If the Court agrees with the undersigned's recommendation that ExamWorks' claims should be dismissed, then the undersigned recommends that the Court deny this motion as moot. If, however, the Court disagrees and allows Regalado's claims to go forward, then the undersigned recommends that the Court deny ExamWorks' motion for extension of time and order ExamWorks to promptly respond to Regalado's outstanding discovery requests.
IV. RECOMMENDATION
Based on the foregoing, the undersigned RECOMMENDS that ExamWorks' Rule 12(b)(1) Motion to Dismiss Plaintiff's First Amended Complaint, Dkt. 11, be GRANTED, and that the First Amended Complaint be dismissed without prejudice.
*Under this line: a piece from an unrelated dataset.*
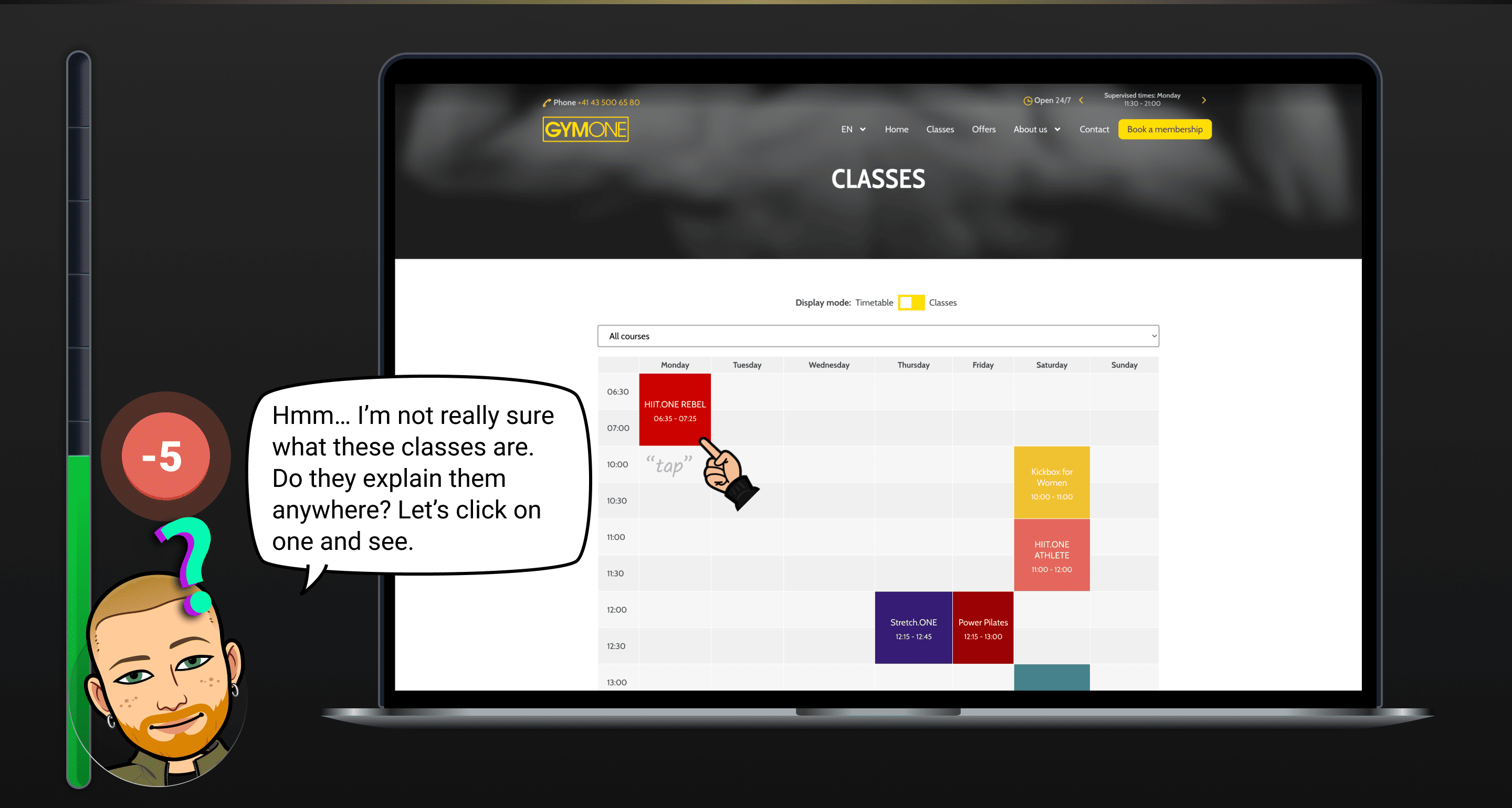 It was observed that 5 out of 5 participants could not find information about available classes. This means that users lack access to essential class details, which prevents them from exploring offerings and booking.

The undersigned further RECOMMENDS that ExamWorks' Rule 12(c) Motion for Judgment on the Pleadings, Dkt. 12, be DENIED AS MOOT. The undersigned further RECOMMENDS that ExamWorks' Rule 12(f) Motion to Strike Second Amended Complaint or, Alternatively, Rule 12(b)(1) Motion to Dismiss and Rule 12(c) Motion for Judgment on the Pleadings, Dkt. 20, be DENIED AS MOOT. The undersigned further RECOMMENDS that ExamWorks' Opposed Motion for Extension of Time to Respond to First Set of Requests for Production and Interrogatories, Dkt. 25, be DENIED AS MOOT.
IT IS FURTHER ORDERED that this case be removed from the undersigned's docket and returned to the docket of the Honorable James R. Nowlin.
V. WARNINGS
The parties may file objections to this Report and Recommendation. A party filing objections must specifically identify those findings or recommendations to which objections are being made. The District Court need not consider frivolous, conclusive, or general objections. See Battle v. United States Parole Comm'n, 834 F.2d 419, 421 (5th Cir. 1987). A party's failure to file written objections to the proposed findings and recommendations contained in this Report within fourteen days after the party is served with a copy of the Report shall bar that party from de novo review by the District Court of the proposed findings and recommendations in the Report and, except upon grounds of plain error, shall bar the party from appellate review of unobjected-to proposed factual findings and legal conclusions accepted by the District Court. See 28 U.S.C. § 636(b)(1); Thomas v. Arn, 474 U.S. 140, 150-53 (1985); Douglass v. United Servs. Auto. Ass'n, 79 F.3d 1415, 1428-29 (5th Cir. 1996) (en banc).